> Source data:
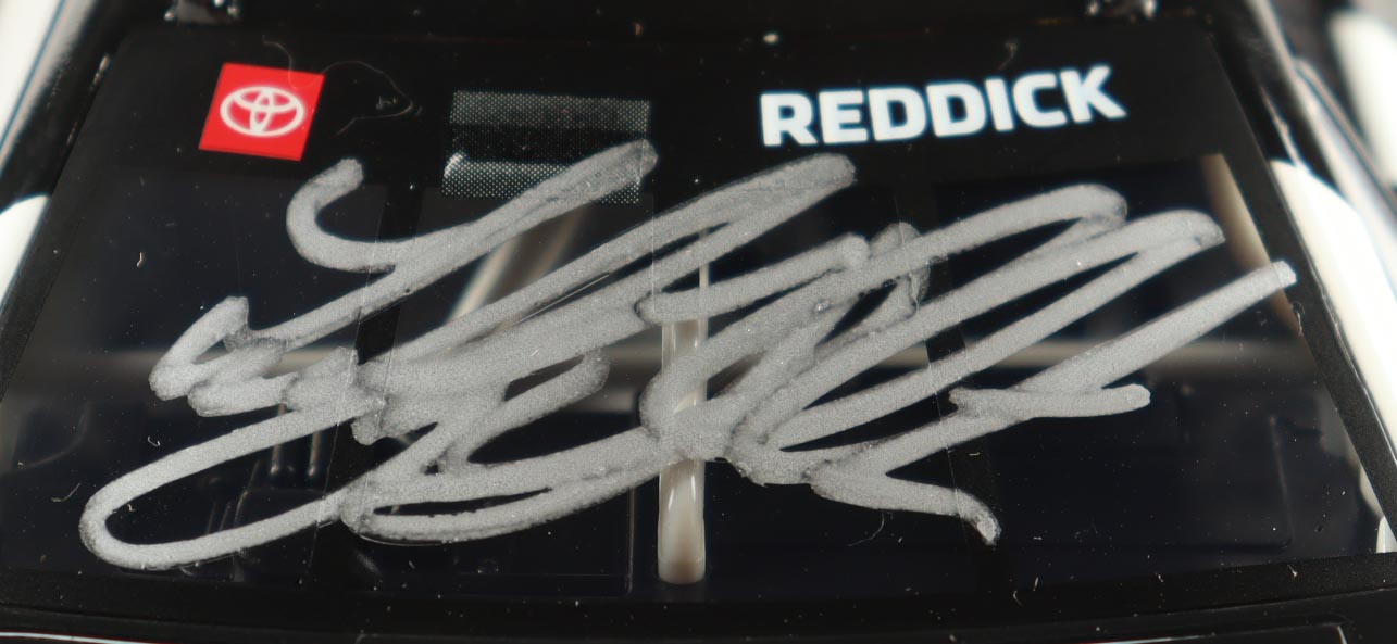 NASCAR die-cast car has been hand-signed on the windshield by Tyler Reddick.
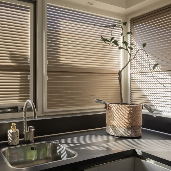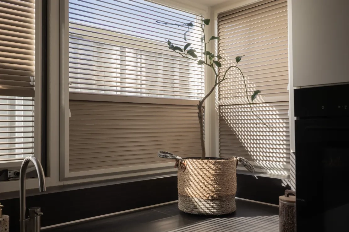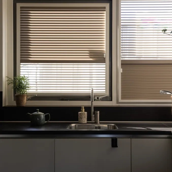 De houten jaloezieën van KeJe zijn een stijlvolle en praktische keuze voor raamdecoratie. Deze jaloezieën worden volledig op maat gemaakt en zijn uitgevoerd met accu-bediening, waardoor je de lamellen eenvoudig kantelt voor de juiste balans tussen licht en privacy. De natuurlijke uitstraling van hout zorgt voor warmte in het interieur, terwijl de elektrische bediening comfort en gebruiksgemak toevoegt aan het dagelijks wonen.
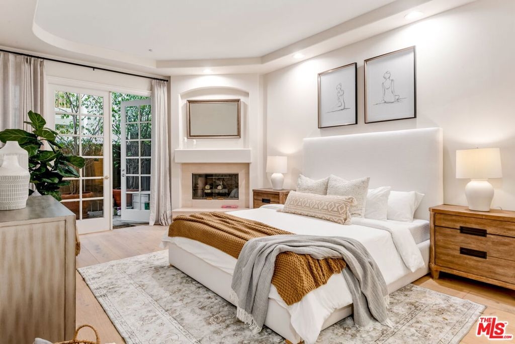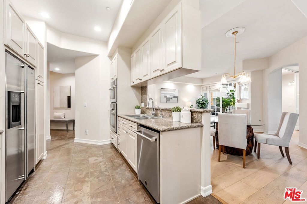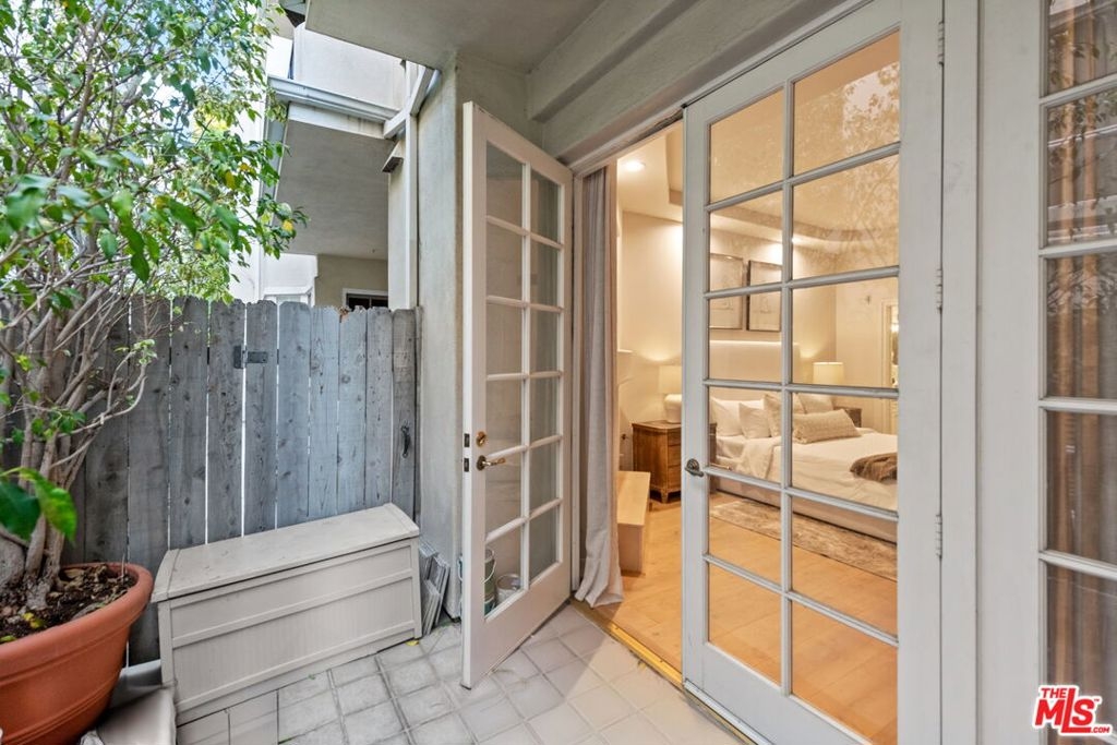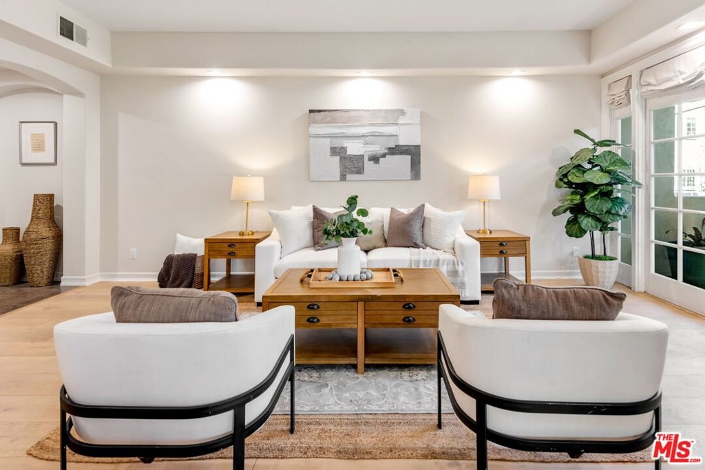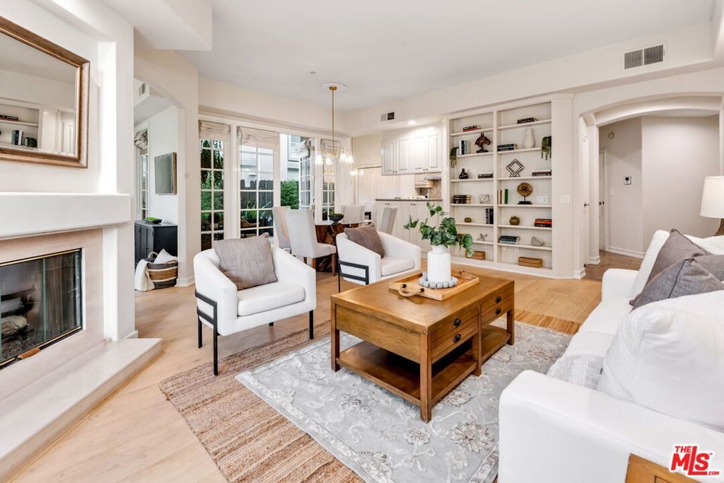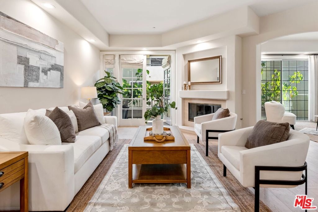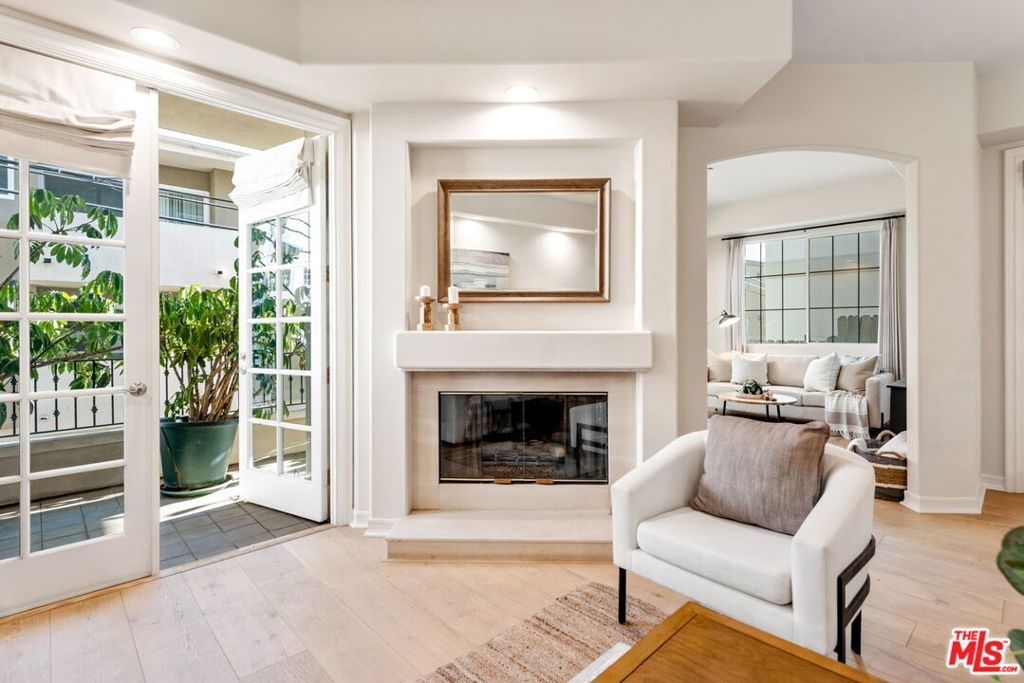 In the heart of Brentwood, find this exceptional 2-bedroom, 2-bathroom corner unit, complete with a versatile den, offers a seamless blend of contemporary design, thoughtful details, and luxurious living. The open-concept layout connects the living room, dining area, and gourmet kitchen, creating a space that is both inviting and functional. Bathed in natural sunlight, the interiors exude warmth and sophistication, ideal for intimate evenings or entertaining on the expansive private wraparound patio. Every detail of this home has been carefully curated, from the elegant crown moldings and graceful archways to the rich hardwood floors and recessed lighting. The chef's kitchen stands out as a centerpiece, featuring stainless steel appliances, an eat-in bar, and ample storage, all overlooking a serene courtyard filled with lush greenery.The primary suite is a true retreat, boasting a spa-inspired en-suite bathroom with a freestanding soaking tub, dual vanity, and spacious shower. A cozy fireplace adds ambiance, while French doors open directly onto the patio, offering a seamless indoor-outdoor connection. The generous walk-in closet enhances the suite's luxurious appeal.The second bedroom enjoys tranquil views of the beautifully landscaped courtyard, with mature trees and succulents. Additionally, the den or family room provides a flexible space that can easily adapt to your needs, whether as a home office, media room, or creative studio.This home is part of a standout building featuring secure entrance. Residents enjoy access to a fitness room and well maintained grounds. Practical features include two tandem parking spaces in a secure garage, abundant guest parking, in-unit side by side laundry. Located in one of Brentwood's most prestigious neighborhoods, this residence offers unparalleled convenience. Just steps from the boutiques, renowned restaurants, and a vibrant weekly farmer's market on San Vicente Boulevard, as well as award-winning schools and nearby beautiful parks.
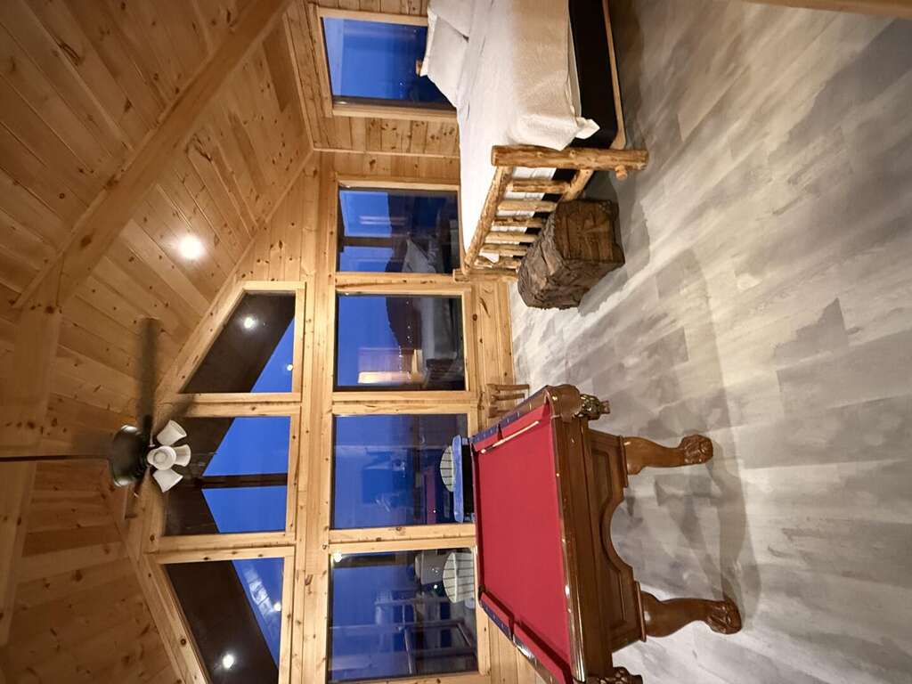 Want a little fun before bed? Head to the game loft for some friendly competition — challenge your crew at the pool table or let nostalgia take over with the classic multicade arcade. For those who crave deep relaxation, the private hot tub on the deck awaits, bubbling and steaming beneath the stars.

> Required action:
Print all the lines above again exactly, without any pictures.

> Written response:
 NASCAR die-cast car has been hand-signed on the windshield by Tyler Reddick.
 De houten jaloezieën van KeJe zijn een stijlvolle en praktische keuze voor raamdecoratie. Deze jaloezieën worden volledig op maat gemaakt en zijn uitgevoerd met accu-bediening, waardoor je de lamellen eenvoudig kantelt voor de juiste balans tussen licht en privacy. De natuurlijke uitstraling van hout zorgt voor warmte in het interieur, terwijl de elektrische bediening comfort en gebruiksgemak toevoegt aan het dagelijks wonen.
 In the heart of Brentwood, find this exceptional 2-bedroom, 2-bathroom corner unit, complete with a versatile den, offers a seamless blend of contemporary design, thoughtful details, and luxurious living. The open-concept layout connects the living room, dining area, and gourmet kitchen, creating a space that is both inviting and functional. Bathed in natural sunlight, the interiors exude warmth and sophistication, ideal for intimate evenings or entertaining on the expansive private wraparound patio. Every detail of this home has been carefully curated, from the elegant crown moldings and graceful archways to the rich hardwood floors and recessed lighting. The chef's kitchen stands out as a centerpiece, featuring stainless steel appliances, an eat-in bar, and ample storage, all overlooking a serene courtyard filled with lush greenery.The primary suite is a true retreat, boasting a spa-inspired en-suite bathroom with a freestanding soaking tub, dual vanity, and spacious shower. A cozy fireplace adds ambiance, while French doors open directly onto the patio, offering a seamless indoor-outdoor connection. The generous walk-in closet enhances the suite's luxurious appeal.The second bedroom enjoys tranquil views of the beautifully landscaped courtyard, with mature trees and succulents. Additionally, the den or family room provides a flexible space that can easily adapt to your needs, whether as a home office, media room, or creative studio.This home is part of a standout building featuring secure entrance. Residents enjoy access to a fitness room and well maintained grounds. Practical features include two tandem parking spaces in a secure garage, abundant guest parking, in-unit side by side laundry. Located in one of Brentwood's most prestigious neighborhoods, this residence offers unparalleled convenience. Just steps from the boutiques, renowned restaurants, and a vibrant weekly farmer's market on San Vicente Boulevard, as well as award-winning schools and nearby beautiful parks.
 Want a little fun before bed? Head to the game loft for some friendly competition — challenge your crew at the pool table or let nostalgia take over with the classic multicade arcade. For those who crave deep relaxation, the private hot tub on the deck awaits, bubbling and steaming beneath the stars.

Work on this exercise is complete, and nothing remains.